* _EXERCISE AIM_:
Please report how many lines of the data include the word "their", with the number as the entire reply.

[Saved data entries]
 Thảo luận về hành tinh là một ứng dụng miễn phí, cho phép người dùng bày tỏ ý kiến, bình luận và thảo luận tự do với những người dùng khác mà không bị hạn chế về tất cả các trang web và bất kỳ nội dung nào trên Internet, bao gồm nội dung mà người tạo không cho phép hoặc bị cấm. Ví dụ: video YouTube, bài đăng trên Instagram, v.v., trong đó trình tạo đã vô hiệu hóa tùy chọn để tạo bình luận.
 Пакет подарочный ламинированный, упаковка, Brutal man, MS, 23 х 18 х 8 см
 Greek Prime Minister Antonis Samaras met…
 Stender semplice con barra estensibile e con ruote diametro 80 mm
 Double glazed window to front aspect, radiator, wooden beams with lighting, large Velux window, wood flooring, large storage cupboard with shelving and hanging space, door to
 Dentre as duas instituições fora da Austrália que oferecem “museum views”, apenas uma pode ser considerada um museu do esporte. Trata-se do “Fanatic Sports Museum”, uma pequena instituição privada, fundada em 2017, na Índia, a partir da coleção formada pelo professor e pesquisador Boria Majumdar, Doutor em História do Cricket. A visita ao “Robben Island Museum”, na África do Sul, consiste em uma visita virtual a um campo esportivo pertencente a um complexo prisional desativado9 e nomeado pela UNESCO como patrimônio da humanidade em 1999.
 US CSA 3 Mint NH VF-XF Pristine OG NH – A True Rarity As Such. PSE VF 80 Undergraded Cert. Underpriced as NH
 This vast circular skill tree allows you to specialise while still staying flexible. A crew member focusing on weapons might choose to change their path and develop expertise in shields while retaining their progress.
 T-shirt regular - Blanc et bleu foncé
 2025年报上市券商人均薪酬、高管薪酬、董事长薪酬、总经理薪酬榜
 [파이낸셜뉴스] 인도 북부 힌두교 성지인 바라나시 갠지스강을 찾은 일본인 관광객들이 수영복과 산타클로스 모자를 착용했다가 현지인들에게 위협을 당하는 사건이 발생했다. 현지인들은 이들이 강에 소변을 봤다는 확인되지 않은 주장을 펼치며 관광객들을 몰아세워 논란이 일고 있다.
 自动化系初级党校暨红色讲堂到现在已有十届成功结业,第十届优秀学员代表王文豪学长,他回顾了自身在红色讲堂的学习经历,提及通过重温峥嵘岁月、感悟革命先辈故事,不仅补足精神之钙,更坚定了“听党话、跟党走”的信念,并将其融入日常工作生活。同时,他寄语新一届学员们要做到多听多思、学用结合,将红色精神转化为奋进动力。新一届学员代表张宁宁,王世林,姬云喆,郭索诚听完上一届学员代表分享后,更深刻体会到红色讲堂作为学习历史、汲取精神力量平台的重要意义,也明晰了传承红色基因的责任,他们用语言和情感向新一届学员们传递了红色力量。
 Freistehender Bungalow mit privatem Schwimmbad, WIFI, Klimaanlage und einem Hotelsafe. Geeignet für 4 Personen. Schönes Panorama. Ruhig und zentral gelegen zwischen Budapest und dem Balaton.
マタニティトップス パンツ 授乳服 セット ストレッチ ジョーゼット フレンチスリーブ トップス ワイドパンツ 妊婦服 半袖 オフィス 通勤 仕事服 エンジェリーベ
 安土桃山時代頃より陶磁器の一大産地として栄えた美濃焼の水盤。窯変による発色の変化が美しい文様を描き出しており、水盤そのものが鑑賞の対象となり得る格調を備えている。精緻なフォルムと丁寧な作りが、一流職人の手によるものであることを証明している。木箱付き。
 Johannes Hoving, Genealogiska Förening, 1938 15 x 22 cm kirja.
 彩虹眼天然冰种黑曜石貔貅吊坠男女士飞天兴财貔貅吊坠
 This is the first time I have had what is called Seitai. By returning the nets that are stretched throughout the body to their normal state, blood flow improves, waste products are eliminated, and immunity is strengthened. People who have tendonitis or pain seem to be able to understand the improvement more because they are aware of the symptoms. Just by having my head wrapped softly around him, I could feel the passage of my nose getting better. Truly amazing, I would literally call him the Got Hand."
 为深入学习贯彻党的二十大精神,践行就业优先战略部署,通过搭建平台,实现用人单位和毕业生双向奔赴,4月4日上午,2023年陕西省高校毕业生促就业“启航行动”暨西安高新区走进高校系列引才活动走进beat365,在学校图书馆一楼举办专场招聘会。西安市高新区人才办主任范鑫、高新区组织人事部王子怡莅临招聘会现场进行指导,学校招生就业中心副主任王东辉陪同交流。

* _EXPECTED ANSWER_:
2